PRICES of some essential items maintained an upward drive last week on the Karachi wholesale commodity markets due to a continued pressure on ready supplies for second consecutive week.

Therefore, the physical business remained light as many retailers and wholesalers did not make fresh covering purchases hoping a fall in the prices once the supply position improves.

But it was not clear whether or not the wholesalers or importers were behind the fresh price flare-up caused by the short supply, dealers said.

Most price changes were again noted in pulses where leading importers were reportedly holding back the stocks in an apparent effort to keep prices above the current levels, brokers said.

They said that the prices should have reflected the subsidy given to importers at the rate of Rs60 per ton in the form of freight charges. These should have eased the prices a bit but instead these rose further up owing to tight ready position.

The disturbing feature was that the prices of gram whole and gram dal also climbed in the backdrop of a bumper crop. Although, the surplus gram whole was exported to some countries including India but there was enough stock to meet the ready demand and check any price flare-up.

A bumper gram crop was harvested in the season ending in April. In view of a sizable exportable surplus, exports were allowed which caused the price increase in the local market.

Market sources said that the prices should have eased as a huge consignment of 36,000 tons gram was imported instead the prices went further up.

Among other essential items, wheat came in for fresh support and the increase was modest for the third week in a row. The reports of a go-ahead signal to export the surplus triggered short-covering by the commercial houses who sold it at the enhanced rates.

Rice prices remained stable around previous levels despite steady physical shipments against forward deals. Two ships called on the Karachi port during the last week and loaded the commodity for foreign destinations.

Most of the essential items finished sharply higher under the lead of masoor whole and masoor dal followed by reports of pressure on ready supplies and lower imports.

Masoor whole and masoor dal were quoted higher by Rs200 to 250 per bag despite the fact that it was being imported from half a dozen companies, including Indian.

It was followed by gram whole and gram dal on strong local demand and reports of holding back of stocks by leading stockists and commercial houses.
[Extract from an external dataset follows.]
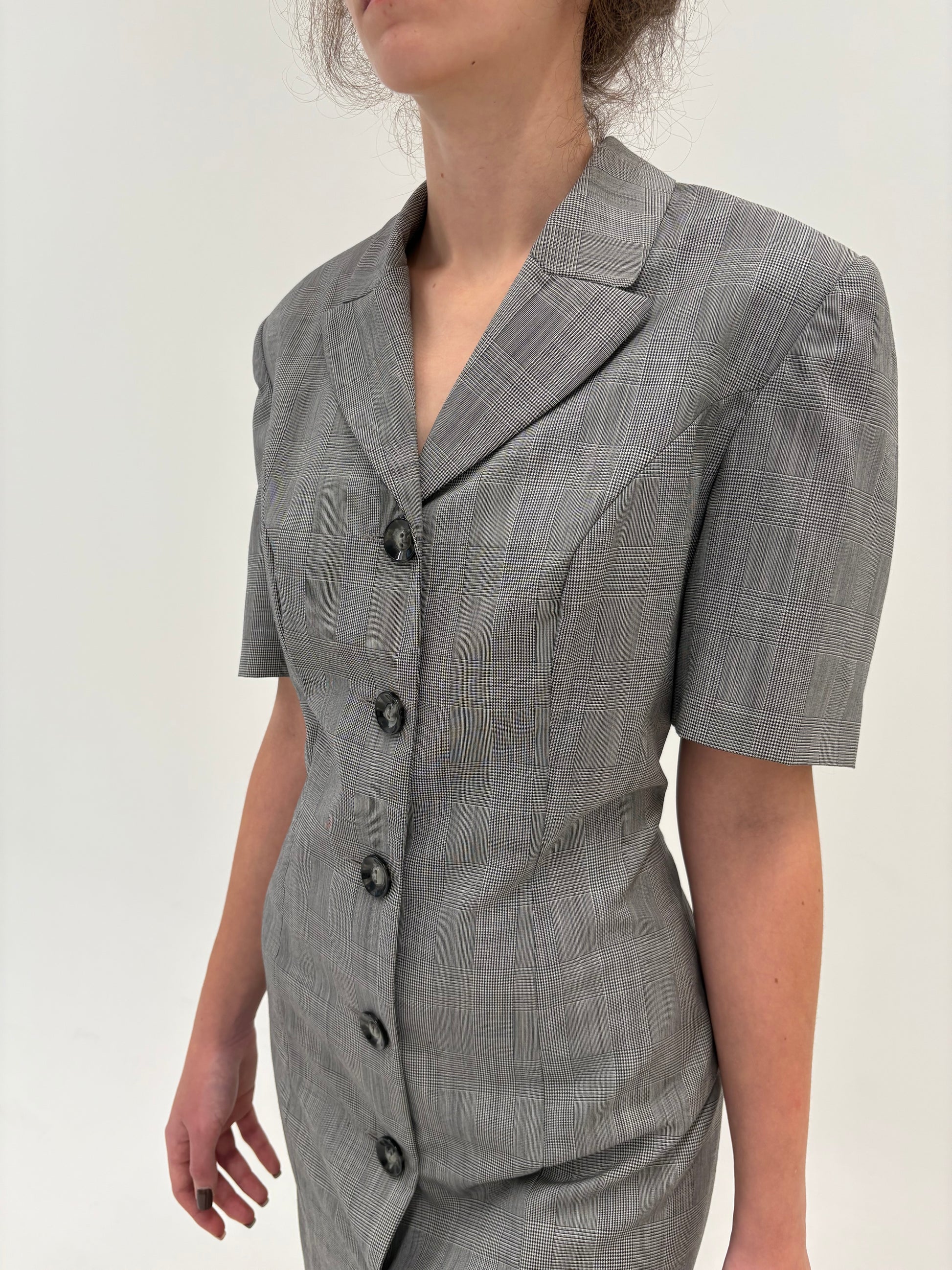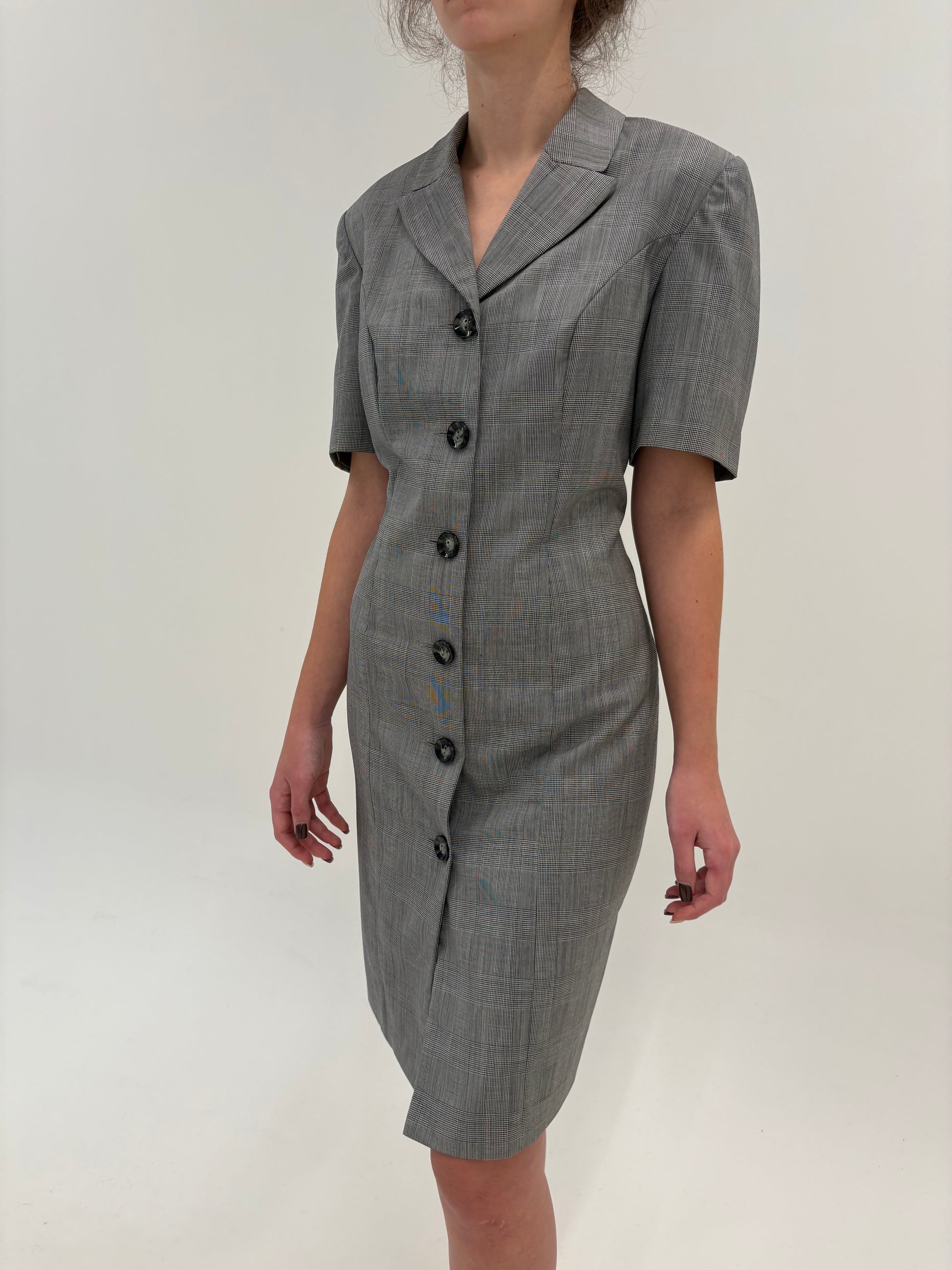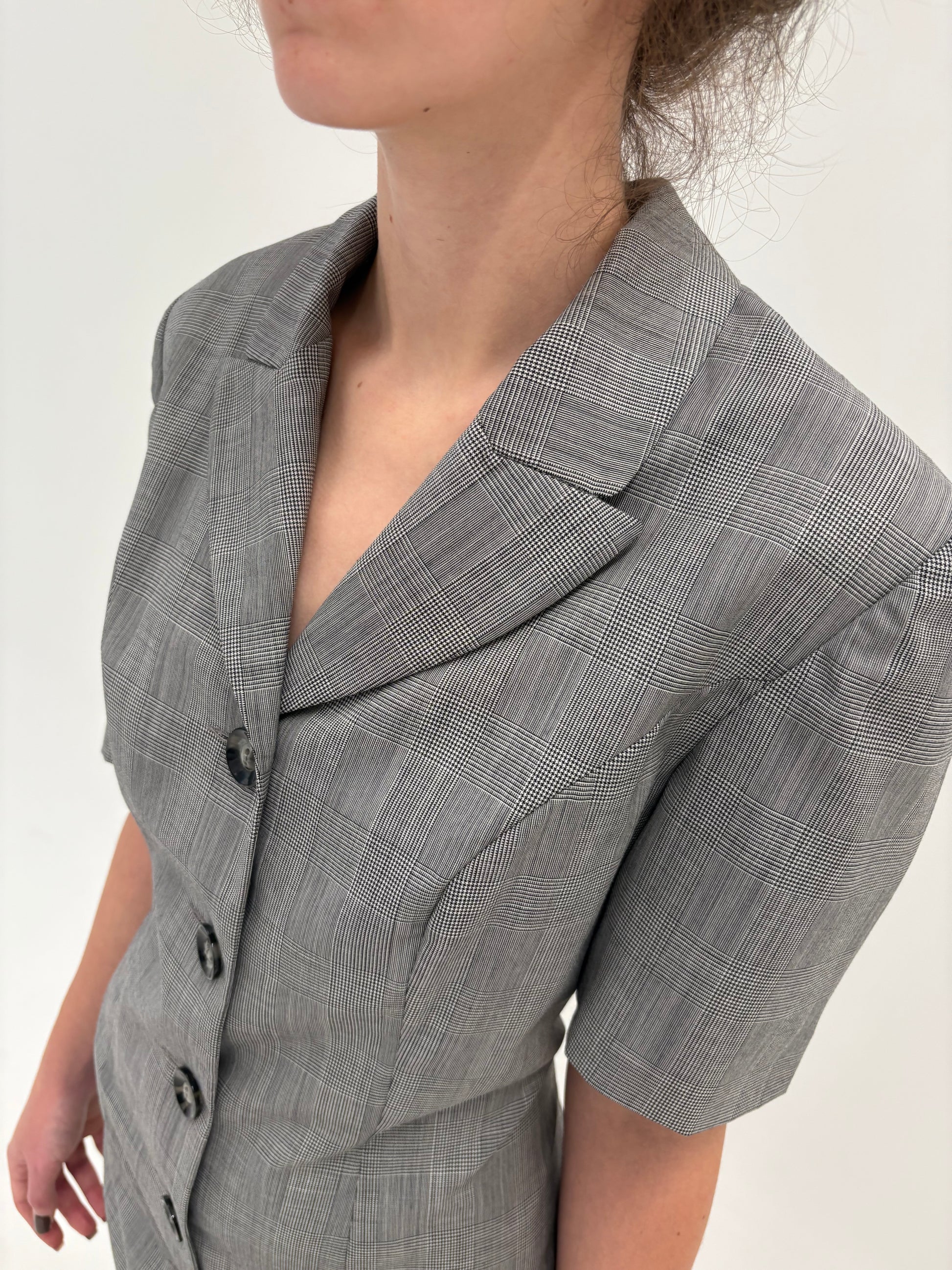 Rochie în carouri fine alb negru din stofă de lana extrafina

The net increase over the week was of the order of Rs175 per bag and dealers predicted that the prices could rise further as supplies were far below the local demand.

Wheat followed them in sympathy and was quoted higher by Rs20 per bag for the third week. Reports of export and fall in arrivals from the upcountry was said to be the chief reason behind the fresh price flare-up.

The rice sector which was dormant for the last couple of weeks despite higher exports, also posted gains ranging from Rs30 to 50 per bag for both IRRI broken and IIR-6 followed by reports of strong export demand and short stock. Basmati was an exception which fell by Rs50 on late selling.

Cereals on the other hand remained under pressure and were market down by Rs10 to 15 for maize and bajra, while barley was traded at previous levels.

Oilseed sector also came in for active support followed by the extended support of crushers and firm oil and cake markets. Prices of rapeseed were quoted higher by Rs20 to 50 per 40kg.

But on the other hand other major seeds, including cottonseed, castorseed and til were traded around previous levels amid modest local demand. Exporters remained conspicuous by their absence.

Oilcakes lacked normal support and comfortable ready position did not allow any changes in their price structure. Stray business was reported at previous levels.—M.A.